From the entries below, write out exactly the lines between the line holding "2020年9月29日,远眺坝" and the line holding "設定したビート(拍子)やテンポで、音を鳴らしながらリズムを刻みます。", inclusive, excluding any pictures.

(STORED DATA begins)

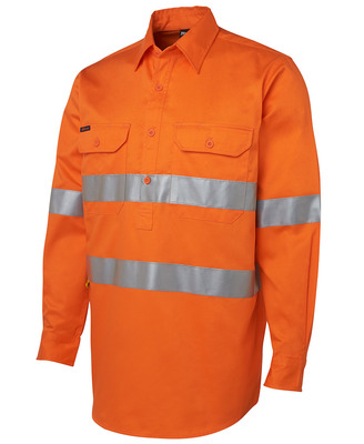 100% Cotton for 100% comfort,190gsm double pre-shrunk twill,Complies with Standard AS/NZS 4399:1996 for UPF Protection,Complies with Standards AS/NZS 1906.4:2010 AS/NZS 4602.1:2011 Day Only,Two-piece collar,Two front pockets with button-down flaps and pen insert,Curved hem with back tail styling,2 needle lap seamed for improved durability,All pressure points bar tacked for extra strength and durability
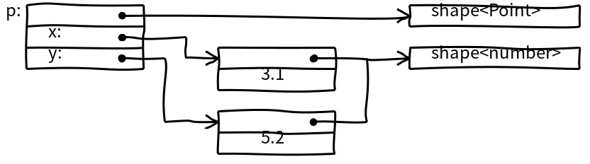 On 64-bit architectures, double values are the same size as pointers. So, if we assume that Point’s fields always contain number values, we can store them directly in the object fields.
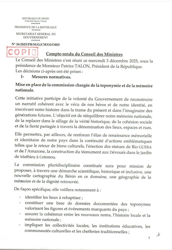 Parmi les décisions prises en conseil des ministres, figure la mise en place de la commission chargée de la toponymie et de la mémoire nationale. Cette initiative participe de la volonté du gouvernement de reconstruire un narratif cohérent avec le vécu des héros et l’identité béninoise, en inscrivant l’histoire dans la trame du présent et dans l’imaginaire des générations futures. L’objectif est de rééquilibrer la mémoire nationale,.de la replacer dans le sillage de la vérité historique, de la cohésion sociale et de la fierté partagée à travers la dénomination des lieux, espaces et rues.
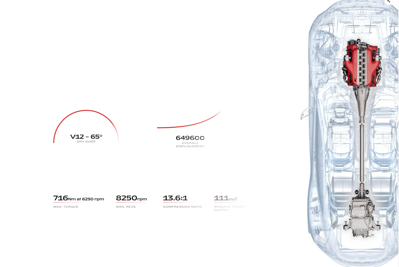 ภายใต้ฝากระโปรงยาวแบบฝาพับเป็นเครื่องยนต์ V12 รุ่นใหม่ ขนาด 6.5 ลิตร โดยไม่มีการช่วยเหลือของมอเตอร์ไฟฟ้าแต่อย่างใดทั้งสิ้น ตัวเครื่องวางร่นตำแหน่งเข้าไปชิดกับห้องโดยสารส่วนหน้า บริเวณกึ่งกลางด้านหน้า เพื่อช่วยในการกระจายน้ำหนัก ระบบส่งกำลังใช้กระปุกเกียร์อัตโนมัติแบบคลัตช์คู่ 8 สปีด เกียร์ 1-7 ออกแบบให้มีอัตราทดสั้นโดยเจตนา เกียร์ถูกวางอยู่ที่ด้านหลังใกล้กับเฟืองท้าย ระบบขับเคลื่อนสี่ล้อแบบ Active ขณะที่ power transfer unit รับหน้าที่ถ่ายโอนกำลัง เปลี่ยนถ่ายแรงบิดไปที่ล้อหน้า เพื่อขับเคลื่อนสี่ล้อในบางสถานการณ์ที่มีความจำเป็นต้องใช้แรงบิดจากทุกล้อเพื่อเอาตัวรอด
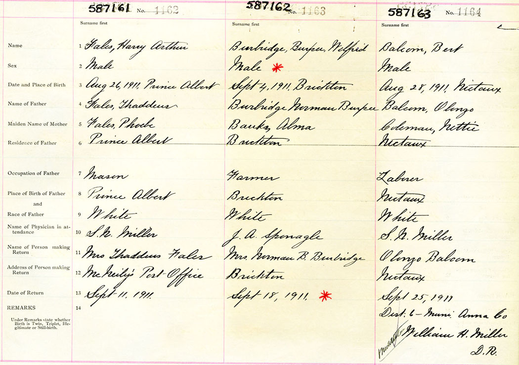 Male Birth Registration: Year: 1911 number: 58700163
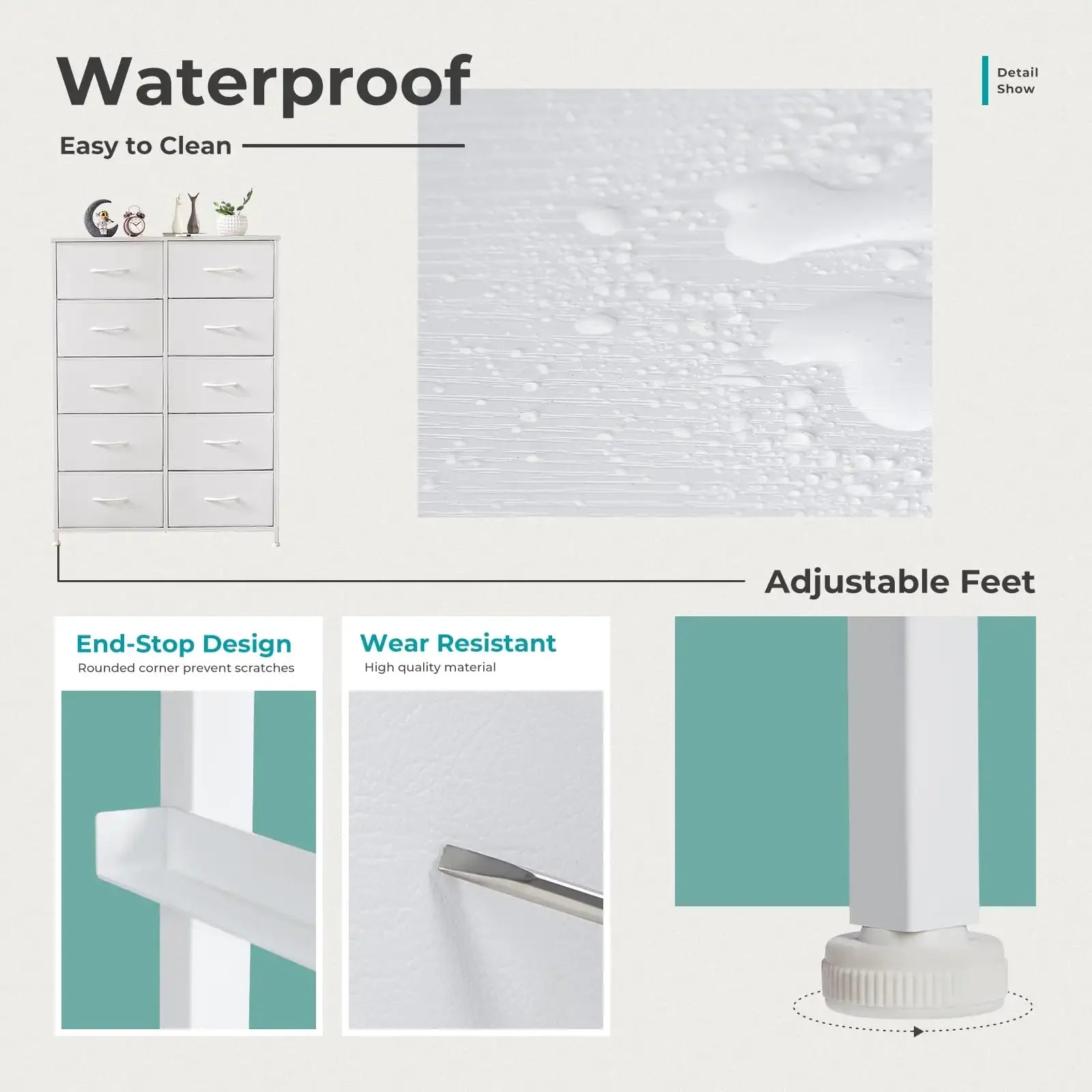 10 Drawer Dresser for Bedroom, Tall Chest Organizer with Fabric Bins, Steel Frame, White
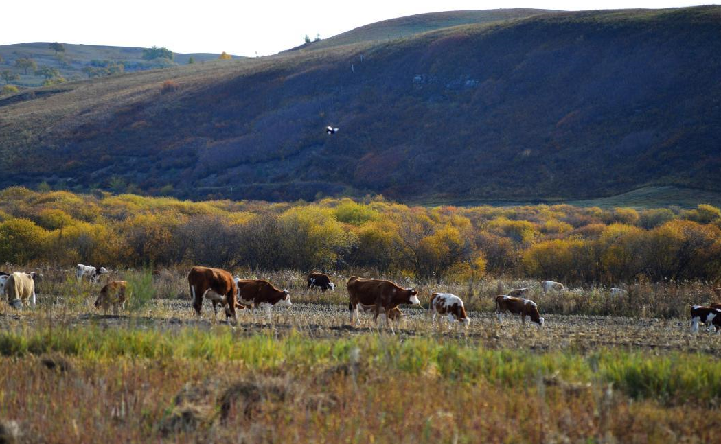 2020年9月29日,远眺坝上草原斑斓的秋景。随着气温转凉,地处河北承德的坝上草原开始进入色彩斑斓的季节,放眼望去,处处呈现出一幅迷人的秋韵图景。
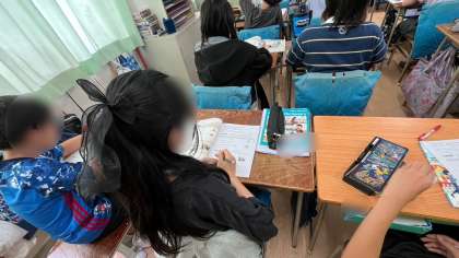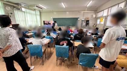 英語の学習です。外国の人が話している映像を観ながら、話している内容を聞き取ってメモしたり話している様子から考えたりして、ワークシートの問題に答えていました。
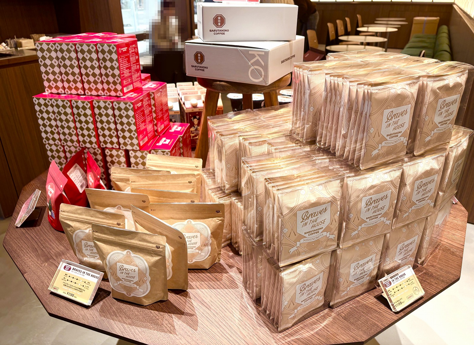 西宮ガーデンズ店限定ブレンド「ブレーブスインザハウス」の豆とドリップバッグのセットも販売されています。
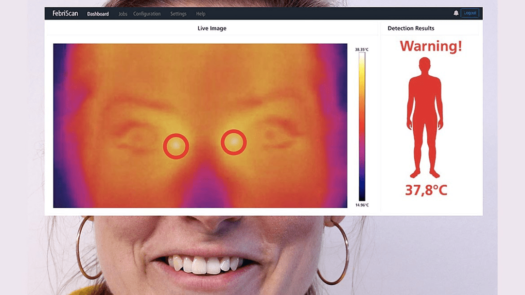 長(zhǎng)波紅外(LWIR)波段范圍為 8-14 μm。具有微測(cè)輻射熱計(jì)傳感器的LWIR相機(jī)使用自然發(fā)射的輻射(熱成像)可實(shí)現(xiàn)高達(dá)250℃的高精度表面溫度分布測(cè)量??梢栽谶h(yuǎn)距離、完全黑暗的環(huán)境中以及通過(guò)霧、灰塵、雨和煙霧檢測(cè)到熱輻射。應(yīng)用包括監(jiān)視、安全和救援,最近還用于在Covid-19(一般指新型冠狀病毒肺炎。新型冠狀病毒肺炎Corona Virus Disease 2019,COVID-19,簡(jiǎn)稱(chēng)“新冠肺炎”)大流行期間對(duì)人體進(jìn)行發(fā)燒篩查(圖 5)。工業(yè)應(yīng)用包括無(wú)損檢測(cè)和過(guò)程檢測(cè)。LWIR光學(xué)器件通常由鍺或硫?qū)倩锊牧现瞥?,例如Ge33As12Se55。硫?qū)倩锞哂信c鍺相似的光學(xué)和機(jī)械性能,但折射率不同。
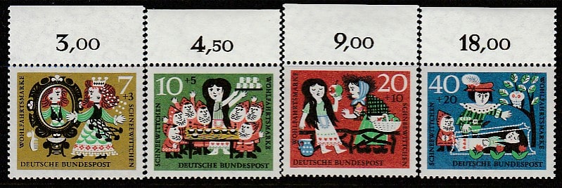 ФРГ 1962 год. Иллюстрации к сказкам братьев Гримм, 4 марки с цифровым полем.
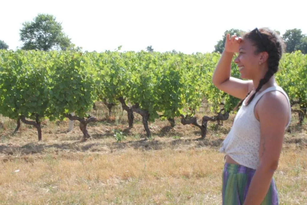 Clémence Métou, organisatrice et initiatrice du festival, en visite sur les lieux où il se tiendra les 23 et 24 août 2025, dans les vignes de Saint-Lambert-du-Lattay. © Ouest-France
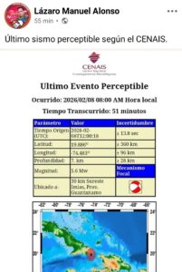 Un sismo de magnitud 5.6 en la escala de Richter fue registrado a las 7:00 a.m. (hora local de Cuba) de este domingo 8 de febrero de 2026, con epicentro al sureste del municipio de Imías, en la provincia de Guantánamo, según datos preliminares del Centro Nacional de Investigaciones Sismológicas (CENAIS).
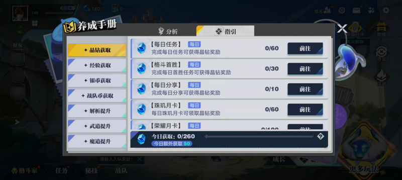 由于破晓中获取晶钻的途径很多,可以点击右下角【成长】中的“变强”按钮,然后在指引页面,查看收集晶钻的各种方法,滴水不漏!
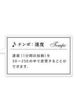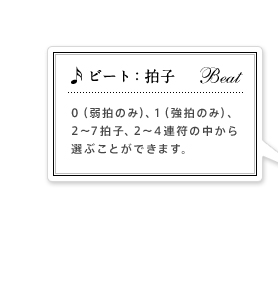 設定したビート(拍子)やテンポで、音を鳴らしながらリズムを刻みます。
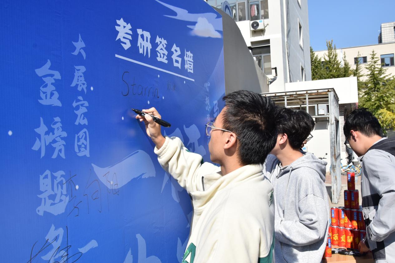 值此考研倒计时66天之际,活动邀请全体2025届本科毕业生参与其中,为考研学子送上温馨祝福。活动中,同学们在签名墙上签下自己的名字,写下对彼此的祝福,激发了考研学子们的学习激情。
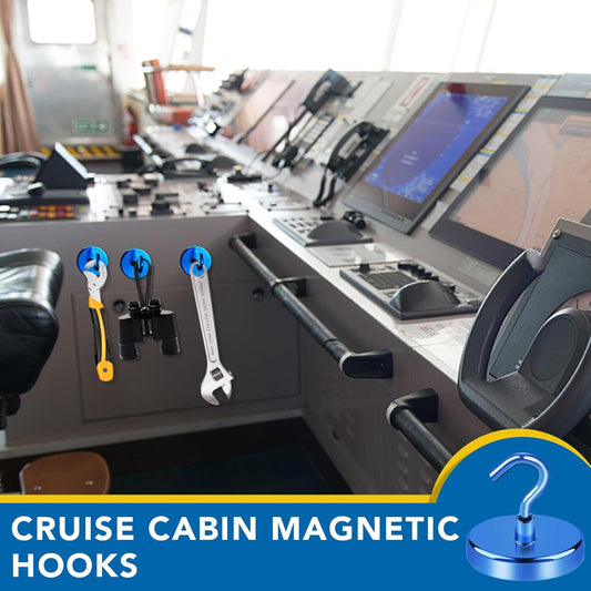 LOVIMAG Cruise Essentials, 40Lbs Blue Cruise Magnets, Magnet Hooks for Cruise Cabin,Strong Magnetic Hooks for Hanging Cruise Lanyard, Fridge, Ceiling, 6 Pack
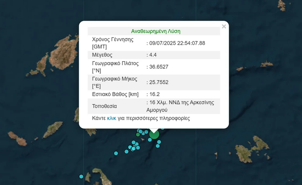Ο σεισμός καταγράφηκε στις 2:54’ 16 χλμ νοτιοδυτικά της Αρκεσίνης Αμοργού με εστιακό βάθος 16,2 χλμ.
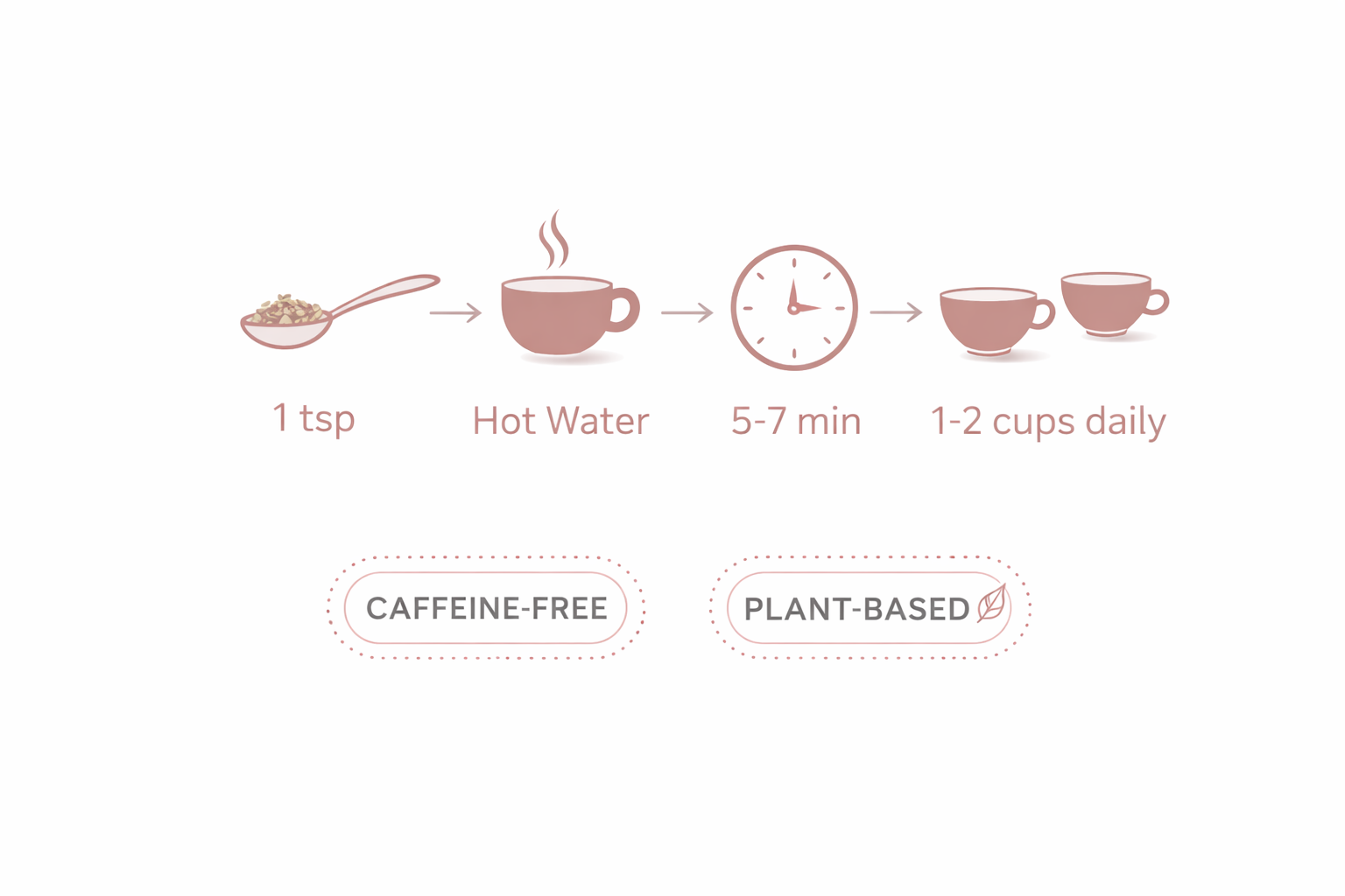 Add 1–2 teaspoons of loose leaf tea per cup. Pour over freshly boiled water and steep for 5–7 minutes. Enjoy warm or cold. Suggested use: 1–2 cups daily. Make this your 10-minute daily reset.
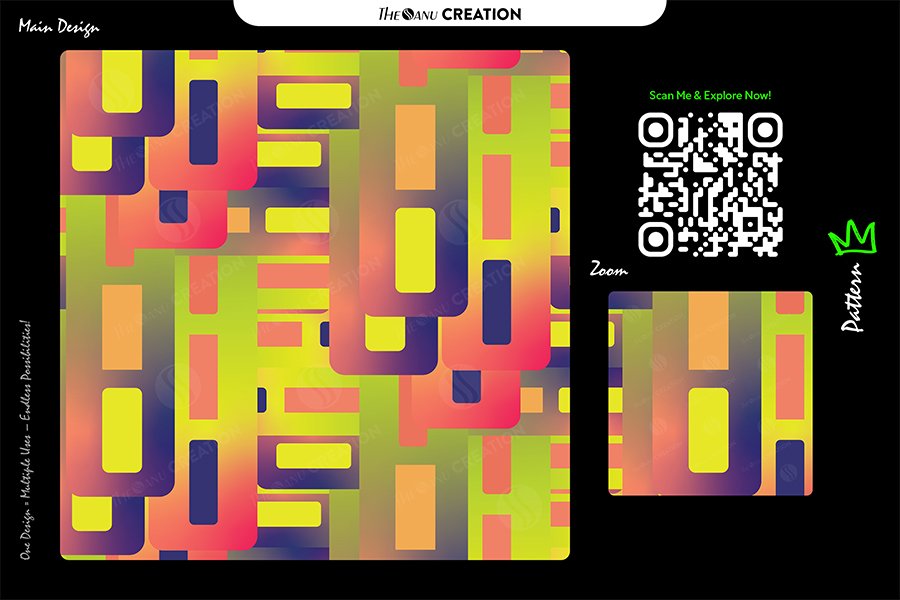 A vibrant luminous abstract pattern crafted with rounded block segments, smooth neon gradients, and dynamic lime–orange–red–purple transitions. Perfect for creators seeking expressive, modern, and highly versatile visuals for branding, packaging, digital graphics, textiles, merchandise, and bold contemporary creative layouts.

(STORED DATA ends)

**RESPONSE AREA**
 2020年9月29日,远眺坝上草原斑斓的秋景。随着气温转凉,地处河北承德的坝上草原开始进入色彩斑斓的季节,放眼望去,处处呈现出一幅迷人的秋韵图景。
 英語の学習です。外国の人が話している映像を観ながら、話している内容を聞き取ってメモしたり話している様子から考えたりして、ワークシートの問題に答えていました。
 西宮ガーデンズ店限定ブレンド「ブレーブスインザハウス」の豆とドリップバッグのセットも販売されています。
 長(zhǎng)波紅外(LWIR)波段范圍為 8-14 μm。具有微測(cè)輻射熱計(jì)傳感器的LWIR相機(jī)使用自然發(fā)射的輻射(熱成像)可實(shí)現(xiàn)高達(dá)250℃的高精度表面溫度分布測(cè)量??梢栽谶h(yuǎn)距離、完全黑暗的環(huán)境中以及通過(guò)霧、灰塵、雨和煙霧檢測(cè)到熱輻射。應(yīng)用包括監(jiān)視、安全和救援,最近還用于在Covid-19(一般指新型冠狀病毒肺炎。新型冠狀病毒肺炎Corona Virus Disease 2019,COVID-19,簡(jiǎn)稱(chēng)“新冠肺炎”)大流行期間對(duì)人體進(jìn)行發(fā)燒篩查(圖 5)。工業(yè)應(yīng)用包括無(wú)損檢測(cè)和過(guò)程檢測(cè)。LWIR光學(xué)器件通常由鍺或硫?qū)倩锊牧现瞥?,例如Ge33As12Se55。硫?qū)倩锞哂信c鍺相似的光學(xué)和機(jī)械性能,但折射率不同。
 ФРГ 1962 год. Иллюстрации к сказкам братьев Гримм, 4 марки с цифровым полем.
 Clémence Métou, organisatrice et initiatrice du festival, en visite sur les lieux où il se tiendra les 23 et 24 août 2025, dans les vignes de Saint-Lambert-du-Lattay. © Ouest-France
 Un sismo de magnitud 5.6 en la escala de Richter fue registrado a las 7:00 a.m. (hora local de Cuba) de este domingo 8 de febrero de 2026, con epicentro al sureste del municipio de Imías, en la provincia de Guantánamo, según datos preliminares del Centro Nacional de Investigaciones Sismológicas (CENAIS).
 由于破晓中获取晶钻的途径很多,可以点击右下角【成长】中的“变强”按钮,然后在指引页面,查看收集晶钻的各种方法,滴水不漏!
 設定したビート(拍子)やテンポで、音を鳴らしながらリズムを刻みます。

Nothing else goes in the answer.